Morten Bergeton Iversen (born 19 November 1974), better known by his stage name Teloch ( ), is a Norwegian black metal musician known for being a live guitarist for Gorgoroth, God Seed and 1349. He is currently the guitarist for Mayhem.

Career 
Teloch's musical career began in the early 1990s in a punk band called Dødsdømt and a thrash/death metal band called Legions from Horten (Vestfold).
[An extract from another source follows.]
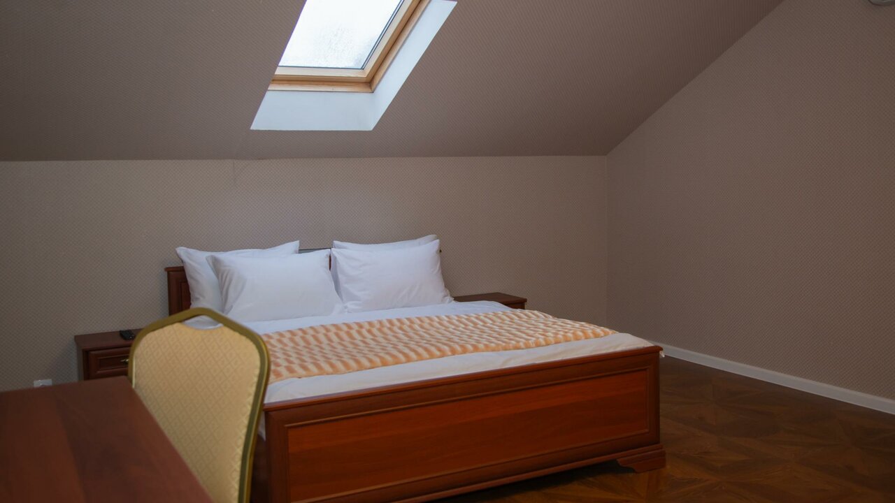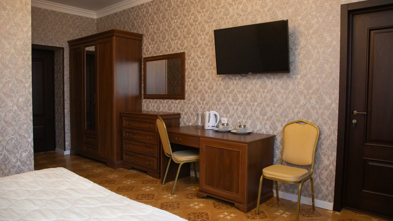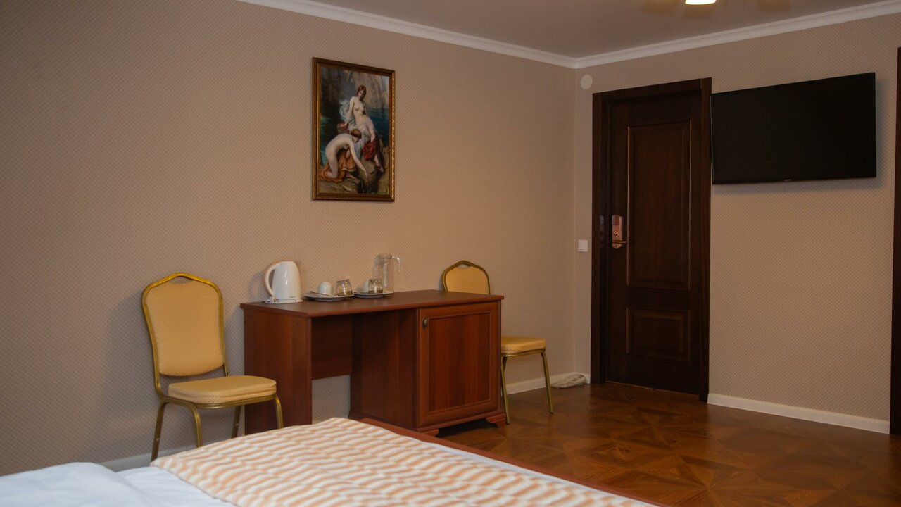 Однакомнатный номер с одной двухспальной кроватью площадью 30 кв. метров исполненый в классическом стиле.Удобства: Санузел, включая ванну 170 x 75 см.Гель для душа.Шампунь.Фен.Фригобарный стол.Полотенца: 6 шт.Холодильник Чайные приборы

He founded Nidingr in 1996. That same year they recorded their first demo show 1996 and, in 1999, the second demo.

In 2004, he joined the band Orcustus.

In 2005 Nidingr published their first studio album, Sorrow Infinite and Darkness.

In 2006, he joined the band 1349 as a live guitarist.

The following year he left 1349 and was contracted as guitarist by the band Gorgoroth, which at that moment was divided into two groups. Facing the impossibility of King ov Hell and Gaahl to work under the name of Gorgoroth, they were forced to change the name to God Seed (in March 2009), still counting on the help of Teloch as session musician.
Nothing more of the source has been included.